■ Collection entries:
____________

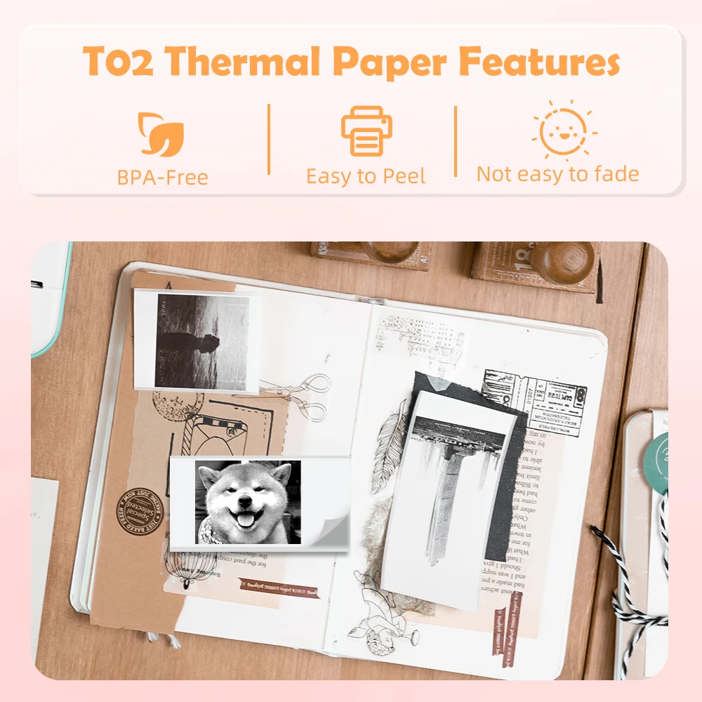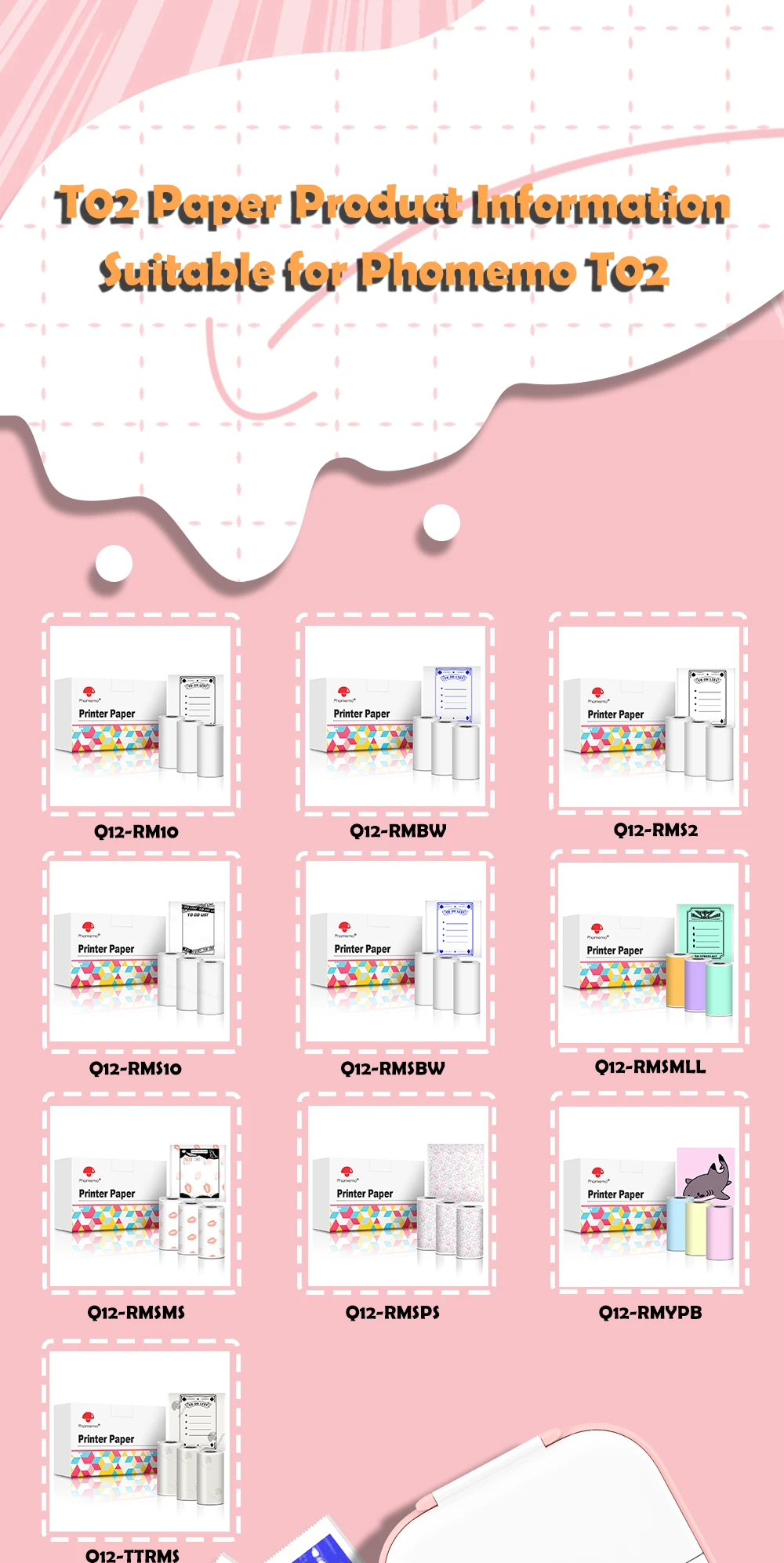 ✔Nombre del producto: Papel térmico/pegatina para impresora Phomemo T02/M02X
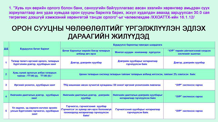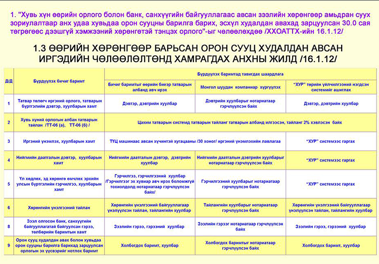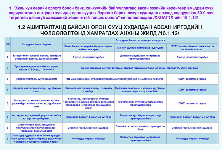 ОРОН СУУЦ ХУДАЛДАН АВСАН БОЛОН БАРЬСАН ИРГЭДИЙН
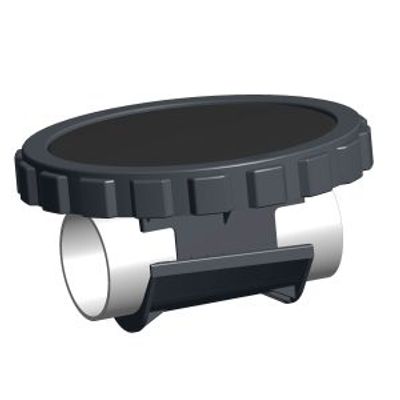 The Universal Bubble Diffuser Mounts (UDM) for fine bubble or coarse bubble disc diffusers is designed to accept a 3/4-inch NPT diffuser connection. The UDM is engineered for use with 2.4-inch through 8.6-inch O.D. plastic (PVC) or metal pipe. UDM is available in both vinyl & rubber materials of construction. Vinyl UDM (illustrated in the picture) allows for gluing to either PVC or ABS piping. Rubber cannot be glued. The UDM is to be used for mounting diffusers on the top of bottom of the lateral and is not recommended for sidewall mount of diffuser units.
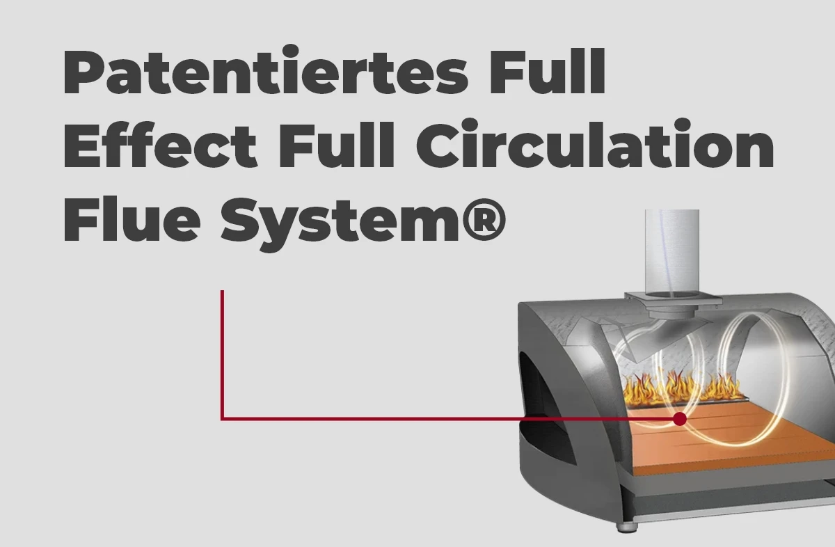Effizienter als klassische Abluftsysteme: Während herkömmliche Pizzaöfen heiße Luft direkt über den Kamin nach oben abführen („up and out“), nutzt Alfa eine patentierte Umluft-Technologie. Das Full Effect Full Circulation Flue System® sorgt dafür, dass die heiße Luft zunächst in der Backkammer zirkuliert, bevor sie nach außen geleitet wird. Dadurch erwärmt sich der Schamottestein zusätzlich, was für eine gleichmäßige Hitzeverteilung und perfekte Backergebnisse sorgt.
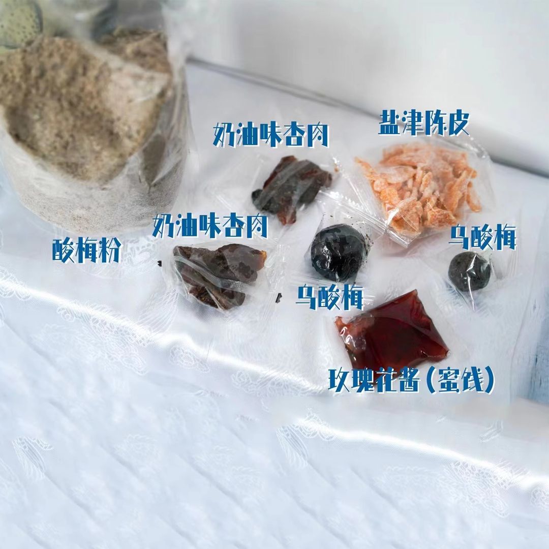 Hawthorn, ebony, apricot, plum, jujube, tangerine peel, sucrose, glucose, brown sugar, rose sauce, osmanthus sauce
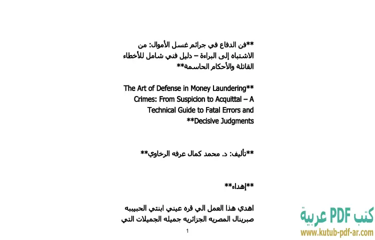 تحميل كتاب فن الدفاع في جرائم غسل الأموال PDF – محمد كمال الرخاوي – يقدم كتاب "فن الدفاع في جرائم غسل الأموال: من الاشتباه إلى البراءة" للدكتور محمد كمال الرخاوي دليلاً فنياً شاملاً يستعرض فيه الأخطاء القاتلة والأحكام الحاسمة المتعلقة بقضايا غسل الأموال. يتناول الكتاب موضوعاً حيوياً في مجال القانون الجنائي والمالي، حيث يسلط الضوء على الجوانب القانونية والعملية المتعلقة بالدفاع عن المتهمين في هذه الجرائم، مما يجعله مرجعاً مهماً للمحامين والمهتمين بهذا المجال.
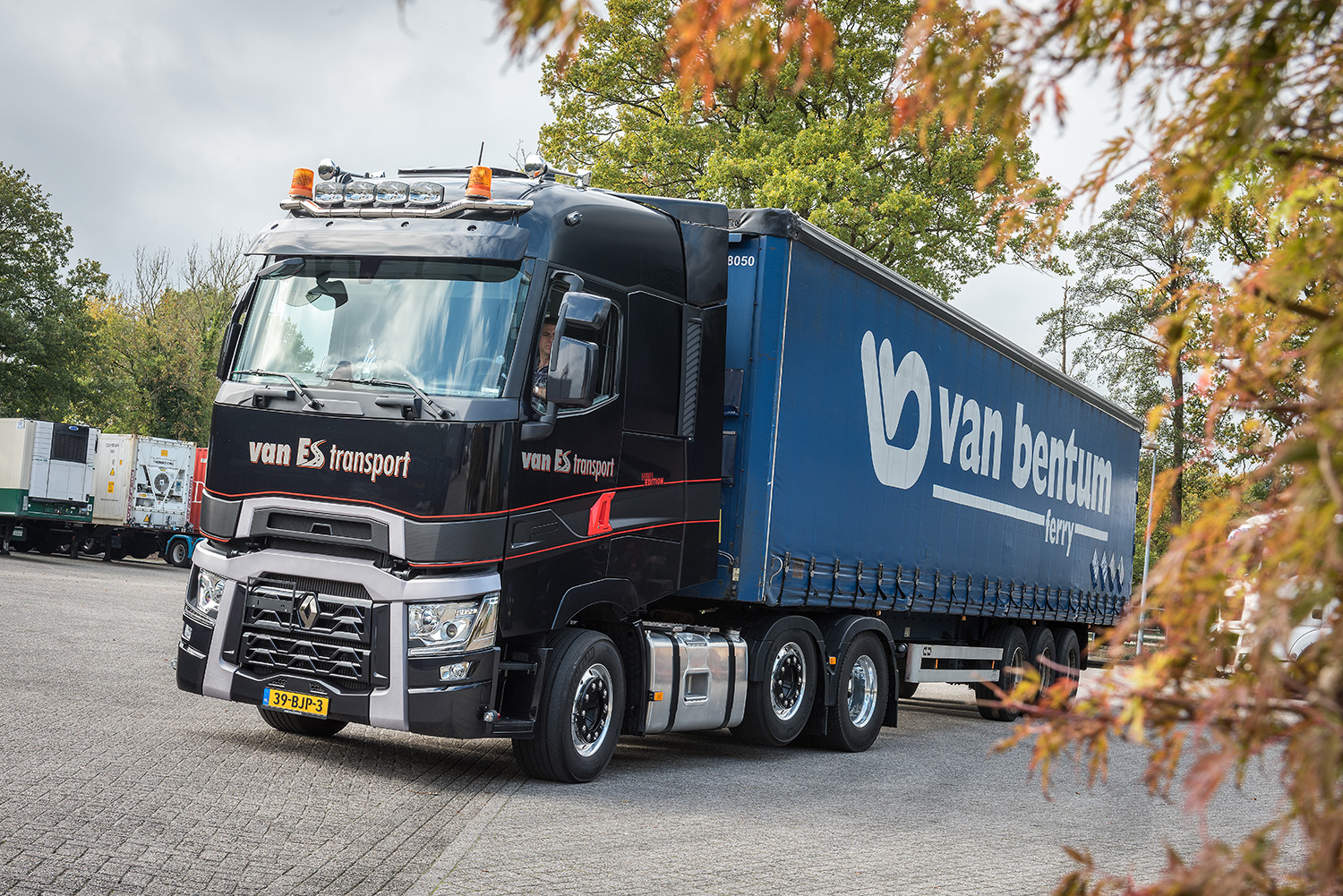 Jan-Kees van Es rijdt ferrytrailers voor verladers in Nederland, België, Duitsland en Noord-Frankrijk. Zijn vertrekpunt, maar ook eindbestemming, is vaak het Rotterdamse havengebied en het Belgische Zeebrugge. Als chauffeur in loondienst maakte Van Es kennis met Renault. En dat beviel goed. Zijn eerste investering als eigen rijder was dan ook een gebruikte Renault Magnum, die nu, na bijna 900.000 kilometers, plaats moet maken voor een nieuwe trekker. ,,Ik ben aan het merk verknocht geraakt, niet in de laatste plaats vanwege het verbruik en de betrouwbaarheid. Daarnaast is de Renault T gunstig geprijsd, zeker gezien de vele functionele extra’s en luxe uitstraling. Ik krijg veel complimenten onderweg.”
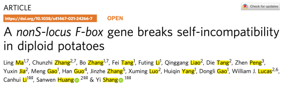 2021年7月6日下午17时,国际知名学术期刊《自然·通讯》(Nature Communications)在线报道永利官网马铃薯科学研究院尚轶研究团队发表的A non S-locus F-box gene breaks self-incompatibility in diploid potatoes 研究论文,介绍马铃薯自交亲和基因Sli (S-locusinhibitor)的克隆及功能解析。
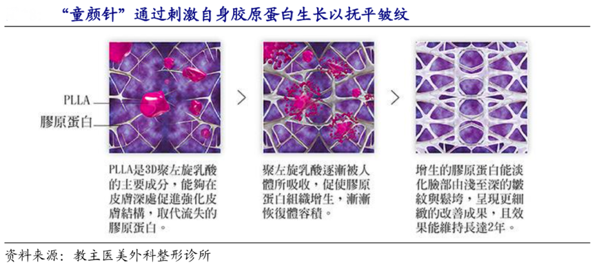 經(jīng)典案例:根據(jù)教主醫(yī)美外科整形診所、開(kāi)源證券研究所等綜合資訊表明,與物理填充的玻尿酸以及通過(guò)阻斷神經(jīng)對(duì)肌肉傳導(dǎo)達(dá)到除皺效果的肉毒素相比,童顏針通過(guò)促進(jìn)膠原蛋白分泌從深層改善皮膚狀態(tài), 其維持效果會(huì)更長(zhǎng)久。“童顏針”代表產(chǎn)品除法國(guó) Sculptra 舒顏萃外,還有美國(guó) DermaVeil 德美顏、韓國(guó) Aesthefill 愛(ài)塑美,目前國(guó)內(nèi)尚未有取得III類醫(yī)療器械產(chǎn)品注冊(cè)證的童顏針產(chǎn)品。
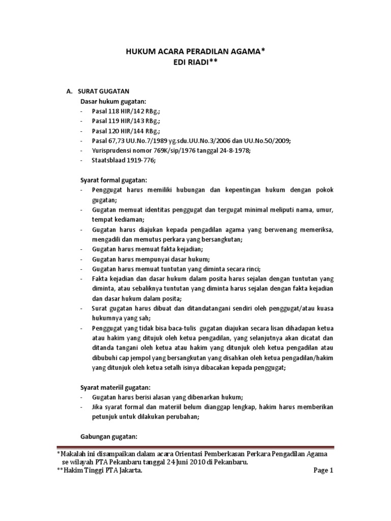 Dasar dalam hukum acara perdata dikenal dua teori tentang bagaimana menyusun sebuah surat. Uii press, 2009), 85 39soeparmono, hukum acara perdata dan yurisprudensi. Hukum acara peradilan agama sendiri merupakan peradilan perdata secara khusus, di mana khusus untuk menindaklanjuti sebuah perkara tertentu yang menurut mukti arto dalam bukunya, pengertian hukum acara peradilan agama adalah sebuah peraturan hukum untuk mengatur tentang cara.
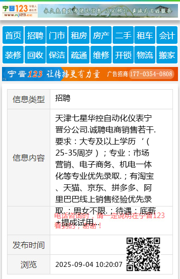 天津七星华控自动化仪表宁晋分公司.诚聘电商销售若干.要求:大专及以上学历‘(25-35周岁);专业:市场营销、电子商务、机电一体化等专业优先录取.;有淘宝、天猫、京东、拼多多、阿里巴巴线上销售经验优先录取.;男女不限.;待遇:底薪+提成试用期1-3个月.3000/月+提成.要求踏实肯干、有上进心..每天工作八个小时.;五险.节假日全休.实行单双休,工作地点:方大科技园.如有想法可以与我们联系..联系电话:13752055332刘经理.17867425860罗经理 【电话咨询时,请一定说明在宁晋123看到的,谢谢!】 |
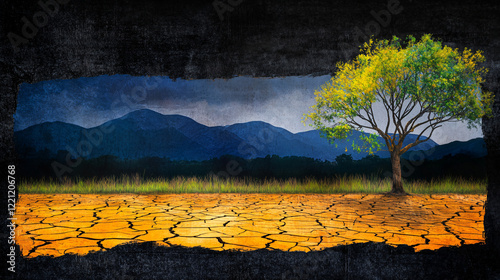 panoramic view of drought stricken landscape with cracked earth and solitary tree. scene conveys sense of desolation and impact of climate change

____________

■ TASK TO COMPLETE: A word-for-word copy of all the data is required, minus the pictures.

■ SOLUTION:
 ✔Nombre del producto: Papel térmico/pegatina para impresora Phomemo T02/M02X
 ОРОН СУУЦ ХУДАЛДАН АВСАН БОЛОН БАРЬСАН ИРГЭДИЙН
 The Universal Bubble Diffuser Mounts (UDM) for fine bubble or coarse bubble disc diffusers is designed to accept a 3/4-inch NPT diffuser connection. The UDM is engineered for use with 2.4-inch through 8.6-inch O.D. plastic (PVC) or metal pipe. UDM is available in both vinyl & rubber materials of construction. Vinyl UDM (illustrated in the picture) allows for gluing to either PVC or ABS piping. Rubber cannot be glued. The UDM is to be used for mounting diffusers on the top of bottom of the lateral and is not recommended for sidewall mount of diffuser units.
Effizienter als klassische Abluftsysteme: Während herkömmliche Pizzaöfen heiße Luft direkt über den Kamin nach oben abführen („up and out“), nutzt Alfa eine patentierte Umluft-Technologie. Das Full Effect Full Circulation Flue System® sorgt dafür, dass die heiße Luft zunächst in der Backkammer zirkuliert, bevor sie nach außen geleitet wird. Dadurch erwärmt sich der Schamottestein zusätzlich, was für eine gleichmäßige Hitzeverteilung und perfekte Backergebnisse sorgt.
 Hawthorn, ebony, apricot, plum, jujube, tangerine peel, sucrose, glucose, brown sugar, rose sauce, osmanthus sauce
 تحميل كتاب فن الدفاع في جرائم غسل الأموال PDF – محمد كمال الرخاوي – يقدم كتاب "فن الدفاع في جرائم غسل الأموال: من الاشتباه إلى البراءة" للدكتور محمد كمال الرخاوي دليلاً فنياً شاملاً يستعرض فيه الأخطاء القاتلة والأحكام الحاسمة المتعلقة بقضايا غسل الأموال. يتناول الكتاب موضوعاً حيوياً في مجال القانون الجنائي والمالي، حيث يسلط الضوء على الجوانب القانونية والعملية المتعلقة بالدفاع عن المتهمين في هذه الجرائم، مما يجعله مرجعاً مهماً للمحامين والمهتمين بهذا المجال.
 Jan-Kees van Es rijdt ferrytrailers voor verladers in Nederland, België, Duitsland en Noord-Frankrijk. Zijn vertrekpunt, maar ook eindbestemming, is vaak het Rotterdamse havengebied en het Belgische Zeebrugge. Als chauffeur in loondienst maakte Van Es kennis met Renault. En dat beviel goed. Zijn eerste investering als eigen rijder was dan ook een gebruikte Renault Magnum, die nu, na bijna 900.000 kilometers, plaats moet maken voor een nieuwe trekker. ,,Ik ben aan het merk verknocht geraakt, niet in de laatste plaats vanwege het verbruik en de betrouwbaarheid. Daarnaast is de Renault T gunstig geprijsd, zeker gezien de vele functionele extra’s en luxe uitstraling. Ik krijg veel complimenten onderweg.”
 2021年7月6日下午17时,国际知名学术期刊《自然·通讯》(Nature Communications)在线报道永利官网马铃薯科学研究院尚轶研究团队发表的A non S-locus F-box gene breaks self-incompatibility in diploid potatoes 研究论文,介绍马铃薯自交亲和基因Sli (S-locusinhibitor)的克隆及功能解析。
 經(jīng)典案例:根據(jù)教主醫(yī)美外科整形診所、開(kāi)源證券研究所等綜合資訊表明,與物理填充的玻尿酸以及通過(guò)阻斷神經(jīng)對(duì)肌肉傳導(dǎo)達(dá)到除皺效果的肉毒素相比,童顏針通過(guò)促進(jìn)膠原蛋白分泌從深層改善皮膚狀態(tài), 其維持效果會(huì)更長(zhǎng)久。“童顏針”代表產(chǎn)品除法國(guó) Sculptra 舒顏萃外,還有美國(guó) DermaVeil 德美顏、韓國(guó) Aesthefill 愛(ài)塑美,目前國(guó)內(nèi)尚未有取得III類醫(yī)療器械產(chǎn)品注冊(cè)證的童顏針產(chǎn)品。
 Dasar dalam hukum acara perdata dikenal dua teori tentang bagaimana menyusun sebuah surat. Uii press, 2009), 85 39soeparmono, hukum acara perdata dan yurisprudensi. Hukum acara peradilan agama sendiri merupakan peradilan perdata secara khusus, di mana khusus untuk menindaklanjuti sebuah perkara tertentu yang menurut mukti arto dalam bukunya, pengertian hukum acara peradilan agama adalah sebuah peraturan hukum untuk mengatur tentang cara.
 天津七星华控自动化仪表宁晋分公司.诚聘电商销售若干.要求:大专及以上学历‘(25-35周岁);专业:市场营销、电子商务、机电一体化等专业优先录取.;有淘宝、天猫、京东、拼多多、阿里巴巴线上销售经验优先录取.;男女不限.;待遇:底薪+提成试用期1-3个月.3000/月+提成.要求踏实肯干、有上进心..每天工作八个小时.;五险.节假日全休.实行单双休,工作地点:方大科技园.如有想法可以与我们联系..联系电话:13752055332刘经理.17867425860罗经理 【电话咨询时,请一定说明在宁晋123看到的,谢谢!】 |
 panoramic view of drought stricken landscape with cracked earth and solitary tree. scene conveys sense of desolation and impact of climate change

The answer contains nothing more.